AI and Smartphone Used as Diabetic Retinopathy Diagnostic Tool

The CDC predicts that 16 million people will be living with diabetic retinopathy by 2050, highlighting the need for more reliable screening tools in the clinic.

The healthcare industry has been leveraging smartphone technology for years, from monitoring disease symptoms to curbing the opioid crisis, often through mobile applications. But now, a research team from the University of Michigan Kellogg Eye Center has modified a smartphone’s camera to help detect the most common form of diabetes-related eye disease.

Currently, diabetic retinopathy is diagnosed by an ophthalmologist who analyzes a retinal image taken by a retinal camera. Not only does this process require expensive equipment and special training, but it can also take nearly a week for the ophthalmologist to interpret the images and decide if a patient has diabetic retinopathy. If caught too late, patients can go blind from the disease.

“To make screening truly accessible, we need to provide on-the-spot feedback, taking the photo and interpreting it while the patient is there to schedule an eye appointment if necessary,” said Dr. Yannis Paulus, a Kellogg vitreoretinal surgeon, in a news release.

Dr. Paulus and his team combined RetinaScope, a device designed in-house that turns a smartphone into a retina camera, with EyeArt, an artificial intelligence (AI) platform developed by Eyenuk, into a diagnostic device that takes a retinal image, analyzes it, then informs the operator if the patient should be referred to an ophthalmologist for follow-up.

The team tested the device for its ability to tell if someone has diabetic retinopathy (sensitivity) and its ability to tell if someone does not have diabetic retinopathy (specificity). To determine if the test was accurate, they compared the device results with a gold standard technique and also brought in two independent experts to examine the device-captured retinal images.

Based on a study of 69 adults with diabetes, the device scored 86.8 percent on sensitivity and 73.3 percent specificity.
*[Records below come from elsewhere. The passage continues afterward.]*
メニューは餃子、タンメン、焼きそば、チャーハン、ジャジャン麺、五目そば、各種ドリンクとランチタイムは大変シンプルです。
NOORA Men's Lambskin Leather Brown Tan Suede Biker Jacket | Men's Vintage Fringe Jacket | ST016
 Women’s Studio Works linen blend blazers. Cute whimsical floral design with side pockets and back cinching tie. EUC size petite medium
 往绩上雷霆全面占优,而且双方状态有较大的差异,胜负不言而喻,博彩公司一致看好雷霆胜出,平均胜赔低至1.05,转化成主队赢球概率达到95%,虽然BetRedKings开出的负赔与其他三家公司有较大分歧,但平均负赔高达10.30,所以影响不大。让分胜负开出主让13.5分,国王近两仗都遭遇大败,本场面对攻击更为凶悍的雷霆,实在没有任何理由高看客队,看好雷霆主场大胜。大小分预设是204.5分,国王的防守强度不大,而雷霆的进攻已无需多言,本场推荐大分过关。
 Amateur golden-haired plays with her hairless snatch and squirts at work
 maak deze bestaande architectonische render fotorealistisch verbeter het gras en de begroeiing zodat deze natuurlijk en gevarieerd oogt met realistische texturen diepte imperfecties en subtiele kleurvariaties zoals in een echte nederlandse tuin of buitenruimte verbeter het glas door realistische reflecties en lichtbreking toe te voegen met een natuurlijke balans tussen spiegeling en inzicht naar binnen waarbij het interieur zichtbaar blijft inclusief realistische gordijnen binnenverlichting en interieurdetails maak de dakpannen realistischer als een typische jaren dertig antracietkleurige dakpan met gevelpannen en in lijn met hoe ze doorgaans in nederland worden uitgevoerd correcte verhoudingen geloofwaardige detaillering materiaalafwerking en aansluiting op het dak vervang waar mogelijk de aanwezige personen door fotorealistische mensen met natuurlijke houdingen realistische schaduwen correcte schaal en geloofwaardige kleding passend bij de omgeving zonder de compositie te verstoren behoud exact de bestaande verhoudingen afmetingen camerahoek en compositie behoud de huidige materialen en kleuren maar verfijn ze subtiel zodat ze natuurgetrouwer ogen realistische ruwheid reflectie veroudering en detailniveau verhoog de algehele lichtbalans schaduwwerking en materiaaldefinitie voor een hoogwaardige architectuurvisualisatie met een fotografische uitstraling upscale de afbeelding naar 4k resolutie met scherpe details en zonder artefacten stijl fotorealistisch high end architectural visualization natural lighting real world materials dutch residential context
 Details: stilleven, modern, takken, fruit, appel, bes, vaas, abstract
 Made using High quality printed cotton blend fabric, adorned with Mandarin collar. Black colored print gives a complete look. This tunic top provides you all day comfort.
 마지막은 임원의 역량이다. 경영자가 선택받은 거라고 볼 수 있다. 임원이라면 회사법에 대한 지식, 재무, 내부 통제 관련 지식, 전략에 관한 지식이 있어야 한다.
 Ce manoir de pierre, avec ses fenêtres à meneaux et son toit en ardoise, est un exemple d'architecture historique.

Not only is this level of sensitivity greater than the recommended minimum for an ophthalmic screening device, but it’s close to what was achieved by a similar device developed by biotech company, IDx, which was cleared by the US Food and Drug Administration (FDA) last year. Unlike Dr. Paulus’ device, IDx-DR uses a fundus camera that’s specifically designed to photograph the retina rather than modifying the camera of a smartphone.

“This is the first study to combine the imaging technology with automated real-time interpretation and compare it to gold standard dilated eye examination,” said Dr. Paulus. “And the results are very encouraging.”

The results of the study were presented at the Association for Research in Vision and Ophthalmology annual meeting. Dr. Paulus says his team is working on improvements to both the hardware and software components of the diagnostic in pursuit of FDA approval.

The researchers hope that the convenience of their device will encourage more patients to get screened for diabetic retinopathy. Given that the Centers for Disease Control and Prevention (CDC) predicts that 16 million people will be living with diabetic retinopathy by 2050, the need for more reliable screening tools has never been greater.